Светлая полярная ночь застала пастухов по ту сторону водораздела, в вершине крутого распадка. Наскоро вскипятив чай, поужинав, натянув ситцевый полог-накомарник, подстелив под бока стланиковых веток, пастухи тотчас уснули. Ночь была тихая, но холодная. Утром, спустившись в долину, пастухи попали в старые гари и шли по ним весь день, и за все это время не услышал Николка ни птичьего свиста, ни звериного топа, не увидел ни одной зеленой веточки – лишь кое-где из-под пепла выбивалась бледная чахлая былинка, да всюду стелились пятнами бурые мхи. То и дело хрустел под ногами древесный уголь, запах золы раздражал ноздри. Мертвые серые лиственницы, черные пни, пепел, мхи – все одно и то же, все одно и то же. И над всем этим гнетущая кладбищенская тишина. И потому необыкновенно радостной, светлой и счастливой казалась людям в этом мертвом пространстве мысль о том, что слава богу, не вся земля такая, что все это непременно скоро кончится и встретится им на пути зеленый лес, дивно пахнущий смолой и грибами, наполненный птичьим гомоном и таинственными шорохами.
Через неделю, как и обещали, Долганов с Николкой вернулись на Маякан, где их с нетерпением ожидали товарищи и тяжелый, изнурительный труд – началась пора гнуса и летних кочевок.
Дни и ночи вокруг чума дымились костры, сложенные из трухлявых пней и валежника, возле костров-дымокуров спасались олени от гнуса, здесь пастухи клеймили телят, кастрировали мулханов и корбов, здесь же ловили ездовых и забивали чалымов на мясо – мясо хранили в наледях, если таковые оказывались рядом, а если их не было – коптили мясо в чуме над костром. Сливочное масло хранилось в муке: положенное в амбаре в мешок с мукой в марте месяце, извлеченное из него в разгар лета, оно оказывалось совершенно свежим и твердым, как только что взятое из холодильника.
А лето выдалось на редкость знойным: все мелкие ключи в распадках начисто пересохли, преждевременно пожелтели травы, ягель под ногой хрустел и рассыпался в мелкий желтоватый порошок. Иногда высоко-высоко над изнывающей тайгой медленно проплывали легковесные белые тучки – подразнят, обнадежат, и вот уж вновь над головой бездонное пустое небо.

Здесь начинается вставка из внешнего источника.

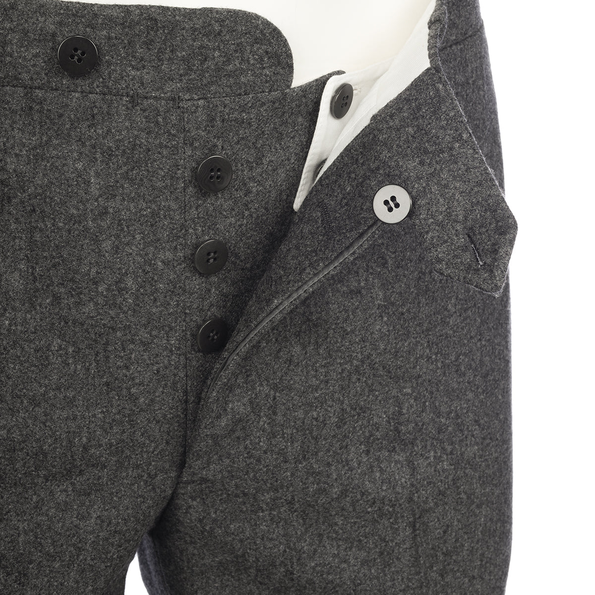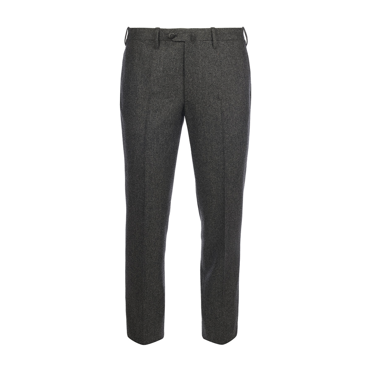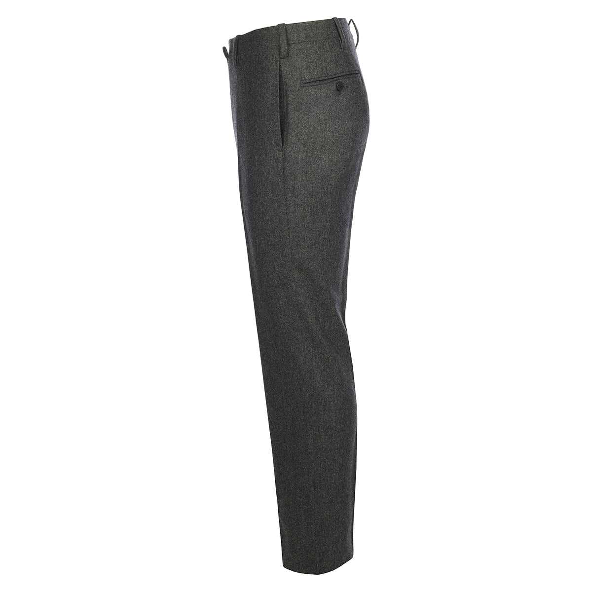 Plain medium gray pleated wool pants. Seam pockets, buttons and waistband , one front pocket and two back pockets. Entirely cut and hand-sewn in Casalnuovo, by our master craftsmen. This garment is ideal for completing both formal and leisure outfits with style and elegance.
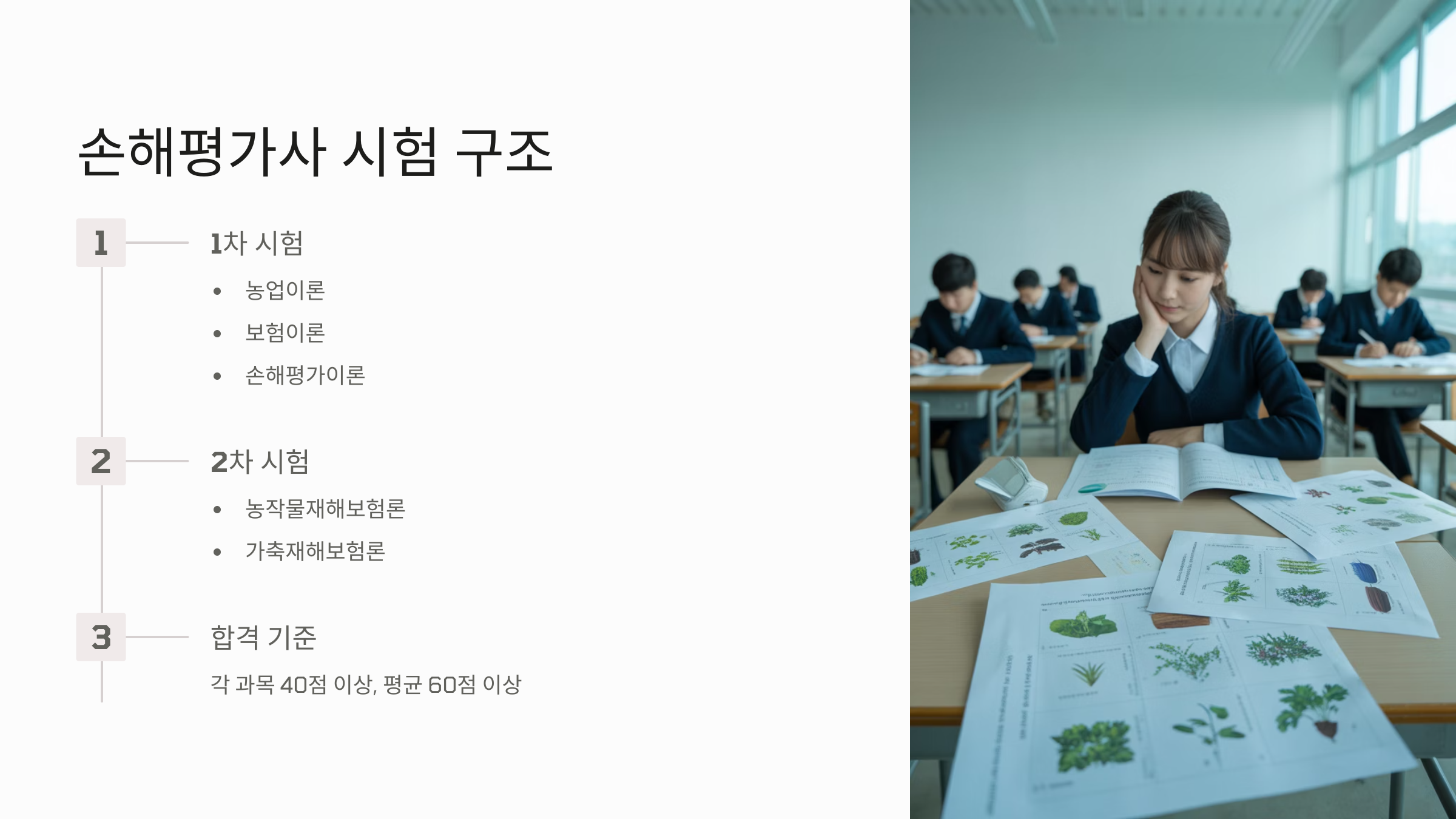 1차 시험 과목은 '농업보험 일반이론', '자연재해 및 농작물 일반', '농작물 및 축산물 재해보험 관련 법규'로 구성돼 있어요. 이 중 법규는 암기력이 중요하지만, 일반이론은 기본 개념을 정확히 이해하고 있어야 풀 수 있는 응용 문제가 많아요.

В полдень, в разгар жары, даже птицы замолкают, жмутся поближе к мочажинкам, к родникам, прячутся в спасительную тень листвы. Комары и те куда-то исчезают, и только оводы вьются и звенят пестрым жгучим облаком над всем, что ходит и ползает. В такое время пастухи, оставив работу в стаде, уходили в чум обедать, час-два отдыхали. После обеда Николка с Афоней, раздевшись донага, отчаянно отмахиваясь от оводов, торопливо ополаскивались студеной ключевой водой.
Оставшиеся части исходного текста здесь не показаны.